I'm not gonna bullshit you: I've avoided writing this newsletter topic for almost a year.

Last summer, with the proliferation of AI tools across a broad range of subdomains (LLMs, AI note taking, vibe coding, automation, etc.), it felt logical to put out a perspective on what I like. It was certainly something I'd talked about "offline" extensively.

But the draft sat, and sat, and sat.

It felt daunting to write about. "AI PM Stack" is such a loaded concept. It's such an unsolved problem. The stack is constantly changing as I learn more (or Anthropic ships another 700 features in 45 days). What if I put out an antiquated (3-day old) take? Would I be relegated to managing legacy database products at Oracle? (Shout out to my 30k homies laid off six weeks ago via email. You stay classy, Larry Ellison.)

Ultimately, I decided to do this to push myself, to make myself uncomfortable. We're living during an unprecedented pace of technological innovation (barf, I actually stole that line from a Deloitte Tech Trends report). This is a moving target. I'll try to hold myself accountable to update this list 3-4 times a year.

Six months from now this will look quaint. That’s the job. (Source: Claude)

Daily Driver AI Chatbot: Gemini + Claude.

I was an early-ish subscriber to ChatGPT Plus—May 15, 2023 for those keeping score at home. I’ll be celebrating our three year anniversary by getting a divorce.

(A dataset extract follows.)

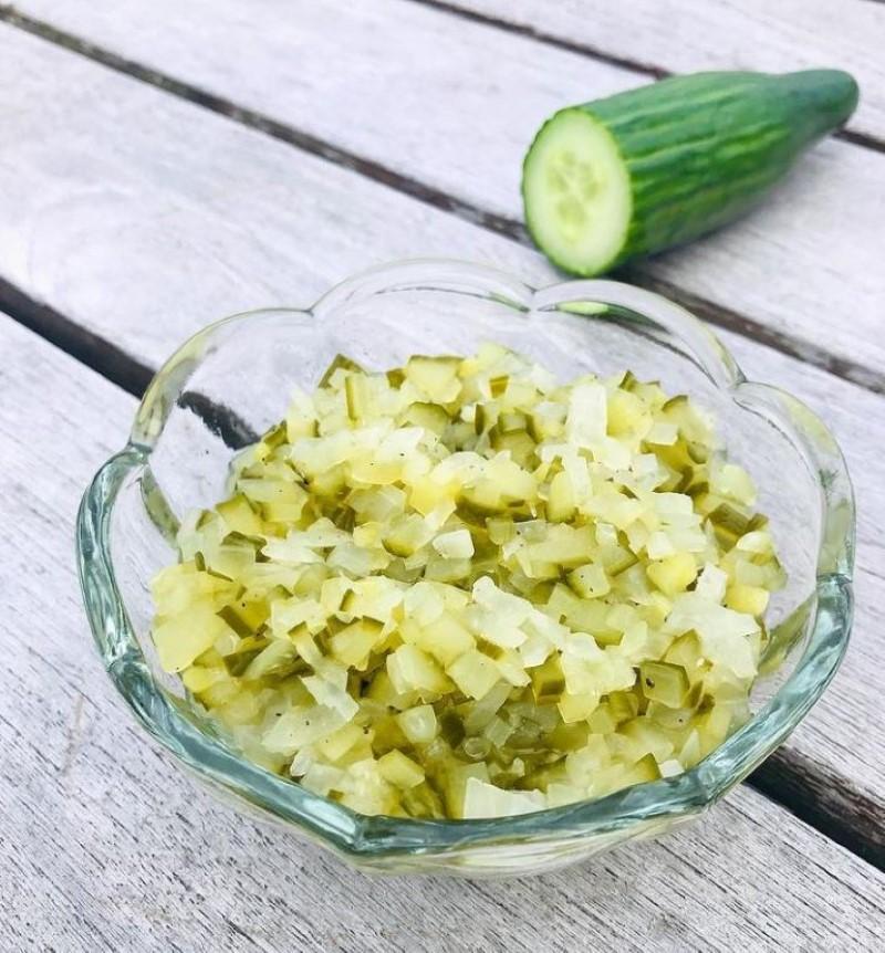Cucumber relish is a delicious topping, for example on your HOT DOGS or sliced roll sausages. Super delicious and a quick little treat to serve with many dishes.

Gemini 3 felt like a big leap forward, on par or exceeding ChatGPT in many ways. As a daily driver, I appreciate the baked-in Nano Banana (image gen) support, which historically felt much more seamless than ChatGPT's image gen. Admittedly I haven’t used the updated GPT-5.5 model which improves on this. I'm using Gemini for parenting advice, lifestyle questions, and cocktail ideas (if it wasn’t obvious from <gestures around this email>, that’s what I do when I’m not mastering the AI PM newsletter “universe”).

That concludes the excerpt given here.